Search code examples
tensorflowkerasclassificationmetricsmulticlass-classification

Tensorflow Macro F1 Score for multiclass and also for binary classification


I am trying to train 2 1D Conv neural networks - one for a multiclass classification problem and second for a binary classification problem. One of my metrics has to be Macro F1 score for both problems. However I am having a problem using tfa.metrics.F1Score from tensorflow addons.

Multiclass classification

I have 3 classes encoded as 0, 1, 2.

The last layer of the network and the compile method look like this (int_sequeces_input is the input layer):

preds = layers.Dense(3, activation="softmax")(x)
model = keras.Model(int_sequences_input, preds)


f1_macro = F1Score(num_classes=3, average='macro')
model.compile(loss='sparse_categorical_crossentropy', optimizer='adam', metrics=['accuracy',f1_macro])

However when I run model.fit(), I get the following error:

ValueError: Dimension 0 in both shapes must be equal, but are 3 and 1. Shapes are [3] and [1]. for '{{node AssignAddVariableOp_7}} = AssignAddVariableOp[dtype=DT_FLOAT](AssignAddVariableOp_7/resource, Sum_6)' with input shapes: [], [1].

shapes of data:

X_train - (23658, 150)

y_train - (23658,)

Binary classification

I have 2 classes encoded as 0,1

The last layer of the network and the compile method look like this (int_sequeces_input is the input layer):

preds = layers.Dense(1, activation="sigmoid")(x)
model = keras.Model(int_sequences_input, preds)

print(model.summary())

f1_macro = F1Score(num_classes=2, average='macro')
model.compile(loss='binary_crossentropy', optimizer='adam', metrics=['accuracy',f1_macro])

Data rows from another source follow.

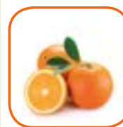
ORANGE VALENCIA Égypte Cal. 48 / 56 / 64 15 kg
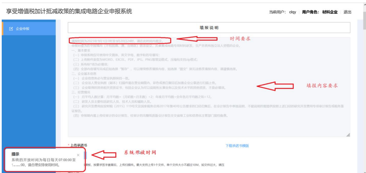
图 2-9 填报时间
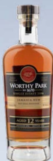
Single Estate 2006 Jamaica Rum Pot Still Distilled 2006 Worthy Park Estate 70 cl | 56 % | 149.-

Again, when I run model.fit() I get error:

ValueError: Dimension 0 in both shapes must be equal, but are 2 and 1. Shapes are [2] and [1]. for '{{node AssignAddVariableOp_4}} = AssignAddVariableOp[dtype=DT_FLOAT](AssignAddVariableOp_4/resource, Sum_3)' with input shapes: [], [1].

shapes of data:

X_train - (15770, 150)

y_train - (15770,)

So my question is: how to evaluate both of my models using macro F1 score? How can I fix my implementation to make it work with tfa.metrics.F1Score? Or is there any other way to calculate macro F1 score without using tfa.metrics.F1Score? Thanks.


Solution

  • Have a look at the usage example from its doc page.

    metric = tfa.metrics.F1Score(num_classes=3, threshold=0.5)
    y_true = np.array([[1, 1, 1],
                       [1, 0, 0],
                       [1, 1, 0]], np.int32)
    y_pred = np.array([[0.2, 0.6, 0.7],
                       [0.2, 0.6, 0.6],
                       [0.6, 0.8, 0.0]], np.float32)
    metric.update_state(y_true, y_pred)
    

    You can see that it expects the label to be in one-hot format.

    But given the shapes you mentioned above:

    shapes of data:
    X_train - (23658, 150)
    
    y_train - (23658,)
    

    It looks like your labels are in index format. Try converting them to one hot with tf.one_hot(y_train, num_classes). You'll also need to change your loss to loss='categorical_crossentropy'.